Note that \(|\textbf{E}|\) denotes the number of edges (nonzero relations) in the graph, \(p\) the number of nodes (columns), and \(n\) the number of observations (rows). Further each can be understood as a penalty term added to negative 2 times the log-likelihood, that is,

\(-2 l_n(\hat{\boldsymbol{\Theta}}) = -2 \Big[\frac{n}{2} \textrm{log} \textrm{det} \hat{\boldsymbol{\Theta}} - \textrm{tr}(\hat{\textbf{S}}\hat{\boldsymbol{\Theta}})\Big]\)

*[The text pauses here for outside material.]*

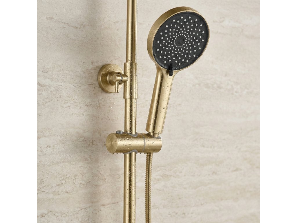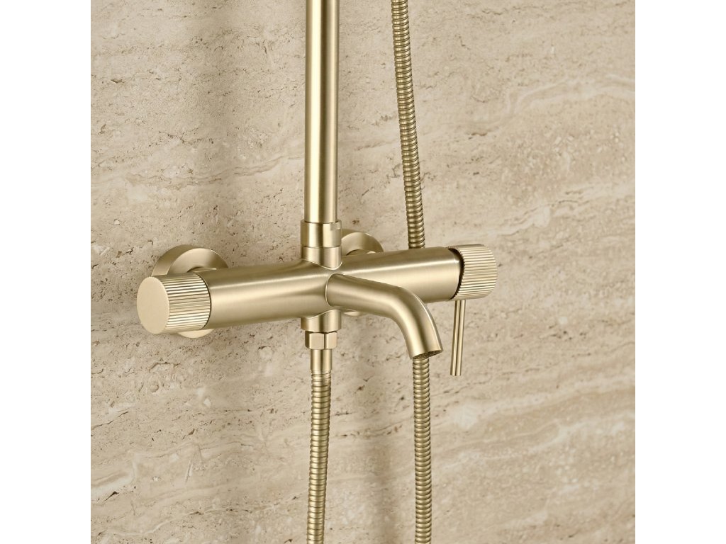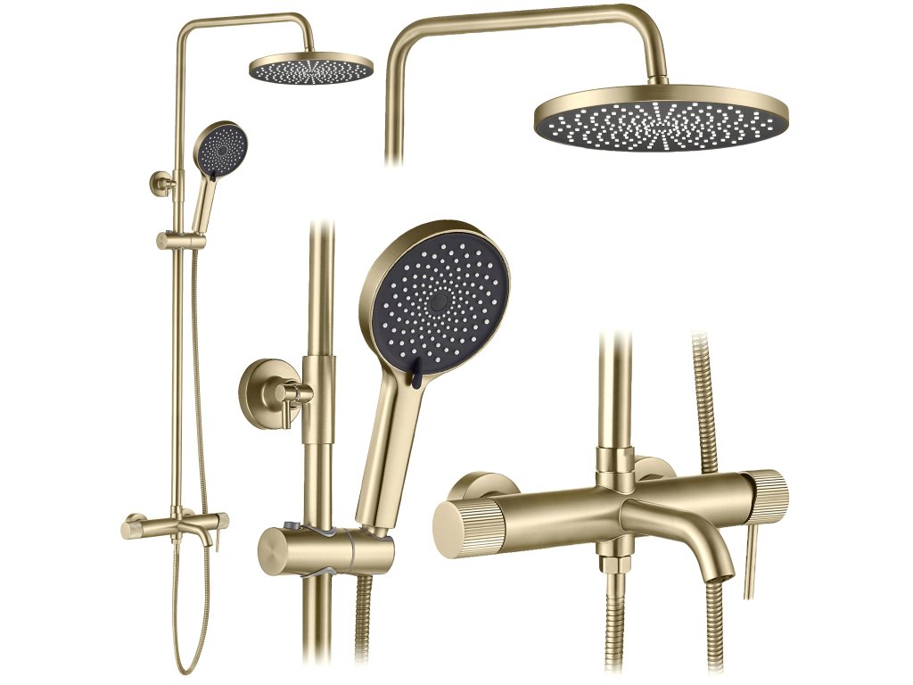Sprchový set Rea Lungo Stripe v prevedení Kartáčované zlato je spojením moderného dizajnu s vysokou funkčnosťou. Charakteristickým prvkom série sú jemné drážkované detaily, ktoré dodávajú armatúre jedinečný, šperkársky štýl. Vďaka použitiu pokročilej technológie PVD povlakovania sa set vyznačuje mimoriadnou trvanlivosťou a odolnosťou voči poškodeniu. Povrch Kartáčované zlato – elegantný matný povrch, ktorý účinne maskuje škvrny od vody a odtlačky prstov, čo uľahčuje každodenné čistenie. Štruktúra Stripe – unikátne drážkovanie na prvkoch setu zdôrazňuje moderný charakter kúpeľne a zlepšuje úchop. Technológia PVD – zaručuje viacročnú stálosť farieb a vysokú odolnosť voči poškriabaniu a korózii. Kompletný sprchový systém – set obsahuje veľkú dažďovú sprchu, ergonomickú ručnú sprchu a nástennú batériu, čo zaisťuje plný komfort používania. Vysokokvalitné materiály – mosadzné telo zaisťuje bezporuchovosť po celé roky. Set Rea Lungo Stripe je ideálnym riešením pre ľudí hľadajúcich odolnú a efektnú armatúru, ktorá sa stane výrazným dekoratívnym prvkom v každej modernej kúpeľni.Dodatočné parametre

where \(\hat{\boldsymbol{\Theta}}\) is the estimated precision matrix (e.g., for a given \(\lambda\) and \(\gamma\)) and \(\hat{\textbf{S}}\) is the sample-based covariance matrix.

Note

initial

initial not only affects performance (to some degree) but also computational speed. In high dimensions (defined here as p > n), or when p approaches n, the precision matrix can become quite unstable. As a result, with initial = NULL, the algorithm can take a very (very) long time. If this occurs, provide a matrix for initial (e.g., using lw). Alternatively, the penalty can be changed to penalty = "lasso", if desired.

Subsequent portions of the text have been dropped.